**Excerpted records:**
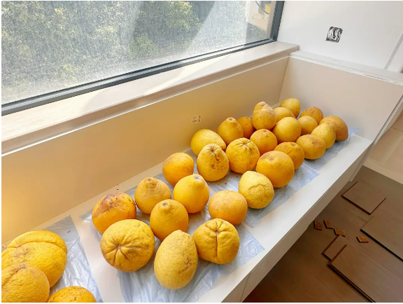 除此之外,柚子皮能夠天然地釋放的芳香物質(zhì)(如檸檬烯),可以掩蓋甲醛的刺激性氣味,所以雙童二樓樣品間一裝修好,它們就被派上了“大用場(chǎng)”,工作人員裝了幾袋墜落的柚子上來(lái),擺在通風(fēng)處,只需要一晚上的揮發(fā),整個(gè)樣品間就變得清新自然起來(lái),比空氣清新劑還好聞~
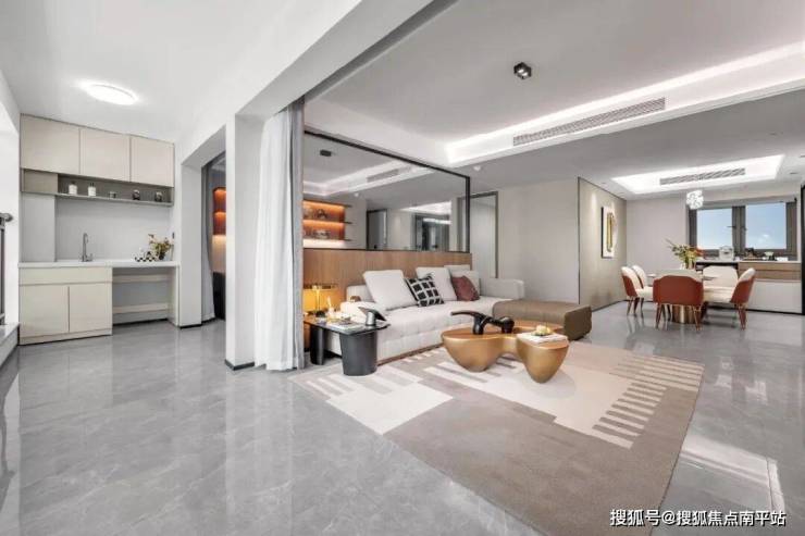 LDKB一体化设计:客厅、餐厅、厨房、阳台连通,116-117㎡四房配备6.6米跑道式阳台+50㎡横厅,增强家庭互动空间。
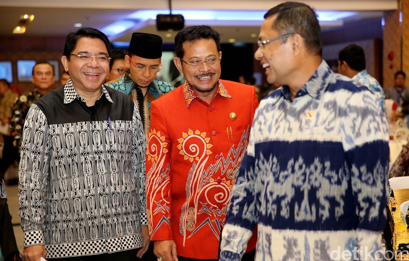 (kiri-kanan) Kepala BKPM Franky Sibarani (kiri) bersama Gubernur Sulawesi Selatan Syahrul Yasin Limpo (tengah) dan Menteri Perindustrian Saleh Husein (kanan) memasuki ruang Nusantara I Gedung BKPM.
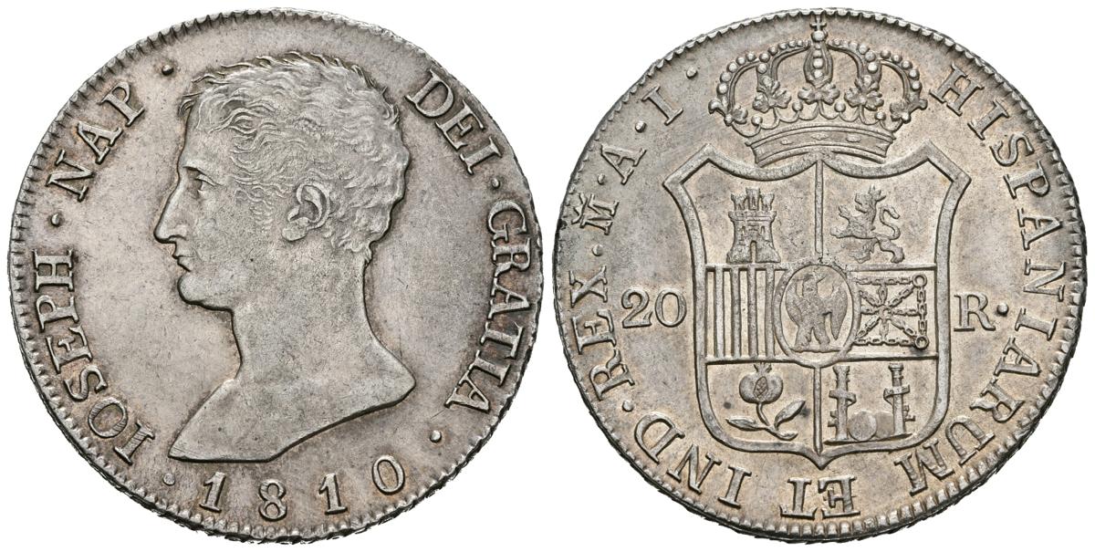 JOSE NAPOLEON (1808-1813). 20 Reales. (Ar. 26,83g/39mm). 1810. Madrid AI. (Cal-2019-37). Aguila grande. EBC-.
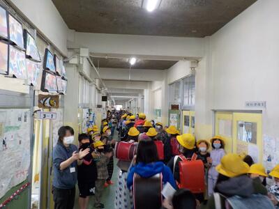 1~4年生は、今日で6年生とお別れです。明日は5年生が在校生代表として卒業式に参加します。下校時に、6年生は思い出の詰まった校舎をまわり、在校生は教室の前でお見送りをしました。
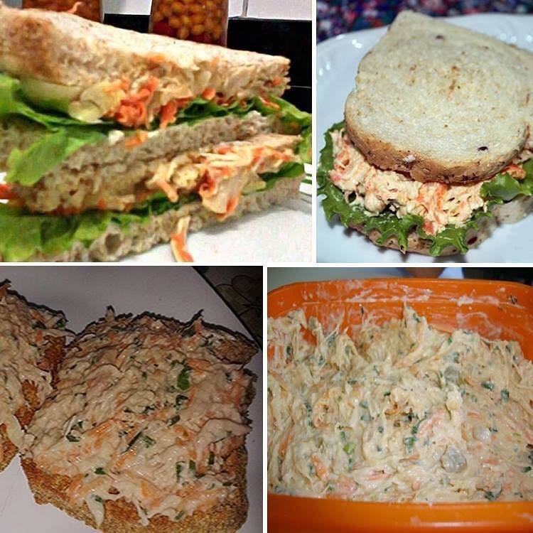 Em uma panela, refogue o frango desfiado com os temperos a gosto. Reserve até esfriar. Transfira o frango refogado para uma tigela e acrescente a cebola e o tomate picados, a cenoura ralada, o milho, a salsinha, a cebolinha e o sal a gosto e misture bem. Adicione maionese até a obter a consistência desejada do recheio. Coloque o recheio entre 2 fatias de pão de forma e sirva. A receita rende cerca de 5 porções, dependendo da quantidade de maionese que for adicionada.
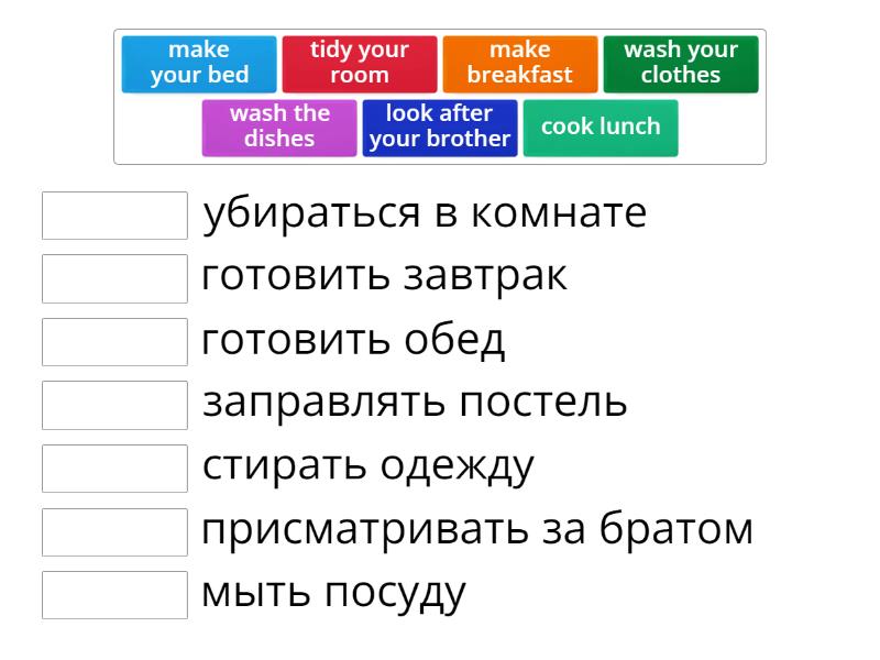 make breakfast - готовить завтрак, cook lunch - готовить обед, make your bed - заправлять постель, wash the dishes - мыть посуду, tidy your room - убираться в комнате, wash your clothes - стирать одежду, look after your brother - присматривать за братом,
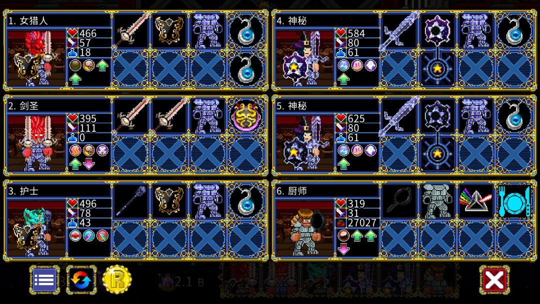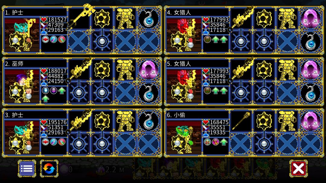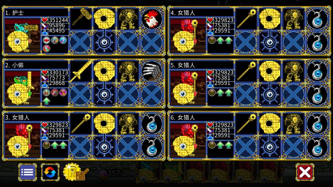 这个游戏对精髓的需求永远是第一的,即便到了1.09,这个趋势也没有改变。 精髓的获取除了直接打怪,还有可以用金币换取(后期竞技场收益可以忽略不计) 以推进87万层的视角,介绍一下我现在的队伍。 队伍两护士两猎人加巫师盗贼。装备清一色镀金(镀层是1.09新增的系统)以最大化金币收益。 在条件允许的情况下适当堆一些减伤,以解决被秒的问题。 黑暗魔王虽然有保命,但是带着他就会亏15个点的金币收益(1件镀
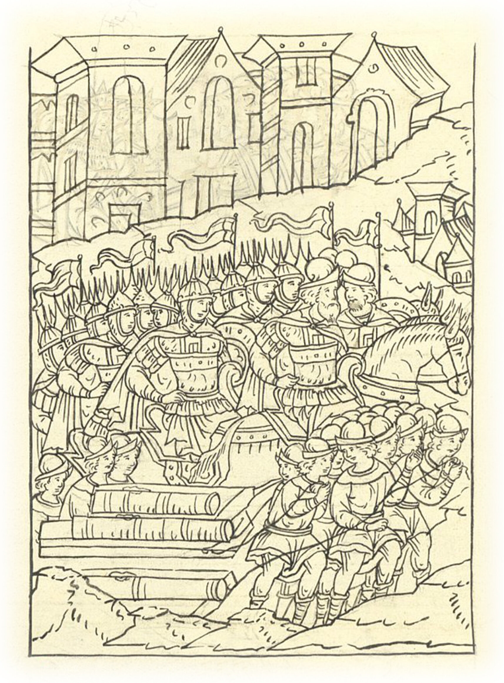 А велел князь великий воеводам своим князю Василию Васильевичу Шуйскому с товарищами идти от Смоленска против литовских людей; а не будет против них литовских людей, и князю Василию с товарищами идти с нарядом – с пушками и с пищалями к Мстиславлю и Мстиславль осаждать.
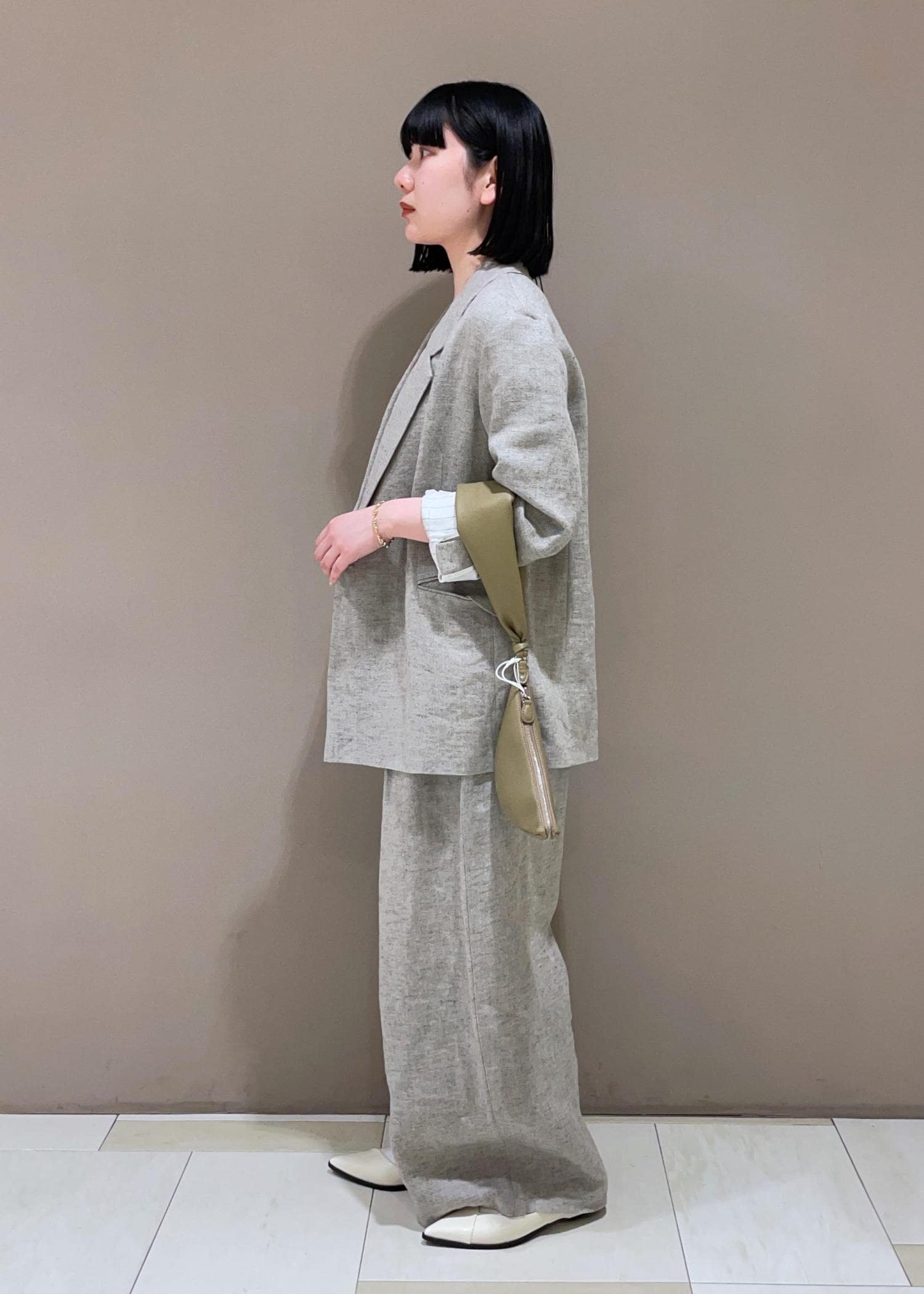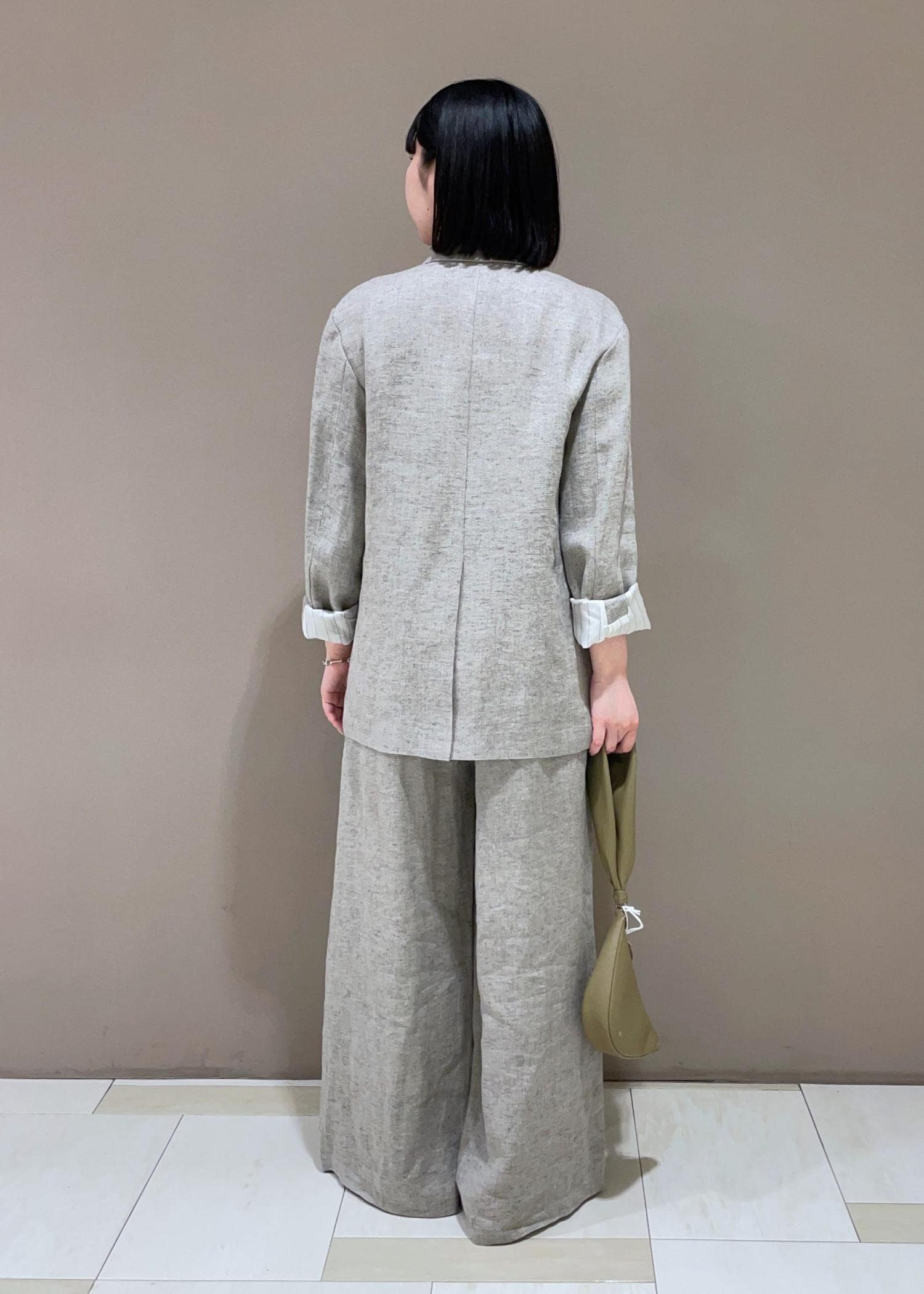 ADAM ET ROPÉ FEMMEリネンタックパンツベージュ / 36¥28,600レビュー着丈はだいぶ長め。162cmの私で、38サイズだとフラットシューズでは地面に付くほどです。ウエストはゆとりがあり、腰で落として履くこともできます◎

**Exercise description:** Put down exactly the lines of the data above that run from its first line through the line bearing "1~4年生は、今日で6年生と", and no pictures.

**Response to the exercise:**
 除此之外,柚子皮能夠天然地釋放的芳香物質(zhì)(如檸檬烯),可以掩蓋甲醛的刺激性氣味,所以雙童二樓樣品間一裝修好,它們就被派上了“大用場(chǎng)”,工作人員裝了幾袋墜落的柚子上來(lái),擺在通風(fēng)處,只需要一晚上的揮發(fā),整個(gè)樣品間就變得清新自然起來(lái),比空氣清新劑還好聞~
 LDKB一体化设计:客厅、餐厅、厨房、阳台连通,116-117㎡四房配备6.6米跑道式阳台+50㎡横厅,增强家庭互动空间。
 (kiri-kanan) Kepala BKPM Franky Sibarani (kiri) bersama Gubernur Sulawesi Selatan Syahrul Yasin Limpo (tengah) dan Menteri Perindustrian Saleh Husein (kanan) memasuki ruang Nusantara I Gedung BKPM.
 JOSE NAPOLEON (1808-1813). 20 Reales. (Ar. 26,83g/39mm). 1810. Madrid AI. (Cal-2019-37). Aguila grande. EBC-.
 1~4年生は、今日で6年生とお別れです。明日は5年生が在校生代表として卒業式に参加します。下校時に、6年生は思い出の詰まった校舎をまわり、在校生は教室の前でお見送りをしました。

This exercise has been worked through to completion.